This decision comes from United States Magistrate Judge Allison Goddard out of the Southern District of California. There are an additional 25 decisions by Judge Goddard in our eDiscovery Assistant database. As you know, we tag each of the cases in the eDiscovery Assistant database with eDiscovery issues, and the issues for this case are:
- In-camera review
- Cost shifting
- Privilege log
- Attorney client privilege
- Failure to produce
There’s a bit of procedural history in this case, and that’s documented in the additional decisions that are in eDiscovery Assistant. On the left-hand side, as you’re looking at this particular link on the decision, you’ll see those additional decisions. At the moment, we’re really before the Court on a motion to compel documents from another litigation in which the plaintiff was a party. This is a motion to compel and for sanctions; it really relates back to an order from July of 2021 in which the Court issued an order granting in part and deferring in part the defendant’s motion to propel and for sanctions.
The July order really concerned what I mentioned: the defendant was trying to get materials from a prior litigation involving the plaintiff and the patents that are also at issue in this lawsuit. The Court at the time in July, granted in part and denied the motion in part.
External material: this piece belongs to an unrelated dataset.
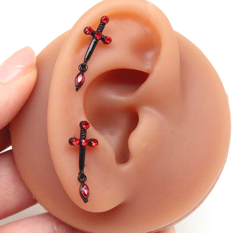 304 Edelstahl Nasepiercing Schmuck, Kreuz, plattiert, unisex & Micro pave Zirkonia, schwarz, 21mm, verkauft von PC

Subsequent to that, the plaintiff provided a supplemental privilege law along with some redacted documents. The defendant reviewed that supplemental privilege log following the July order and found it to be insufficient. Essentially, it said that there were descriptions on the privileged log that didn’t allow them to verify the claims of privilege and that the log also failed to account for numerous withheld and redacted documents.
Now, there’s nothing mentioned about this in the decision. I don’t know how old the case was, but a lot of times, these documents remain on pace or remain available for quite a long time. The defendant’s ability to see what’s available on the docket and yet what’s actually being produced is going to be pretty consistent. Plus, it seems like just given that they know about the litigation and there’s some overlap that there is some relationship there that they know there’s information in that litigation that they want to be able to use in this one. They’re arguing for it pretty early on in the case. The Court notes later in the decision that the defendants have been asking for this information since 2019, and the plantiffs and the defendant had gone back and forth and back and forth multiple times discussing this information prior to the July 2021 order.
After the defendant objected to the insufficient descriptions, the plaintiff produced an additional log that also did not satisfy the defendants. Then they had a meet and confer that was unsuccessful and led the defendants renewing this motion to compel them for sanctions, claiming that the documents that plaintiffs did produce, because they produced some information that was redacted and some information included on a privilege log, “strongly suggest that plaintiffs withholding of documents is less than innocent.”
On this new motion, the defendants asked for three different things —1) they asked for in-camera review by the Court of the litigation documents that the plaintiff had withheld and redacted, 2) to compel the plaintiff to produce all nonprivileged documents related to one specific RFP, and 3) to impose fees shifting, (say that five times fast), fee shifting sanctions on plaintiffs.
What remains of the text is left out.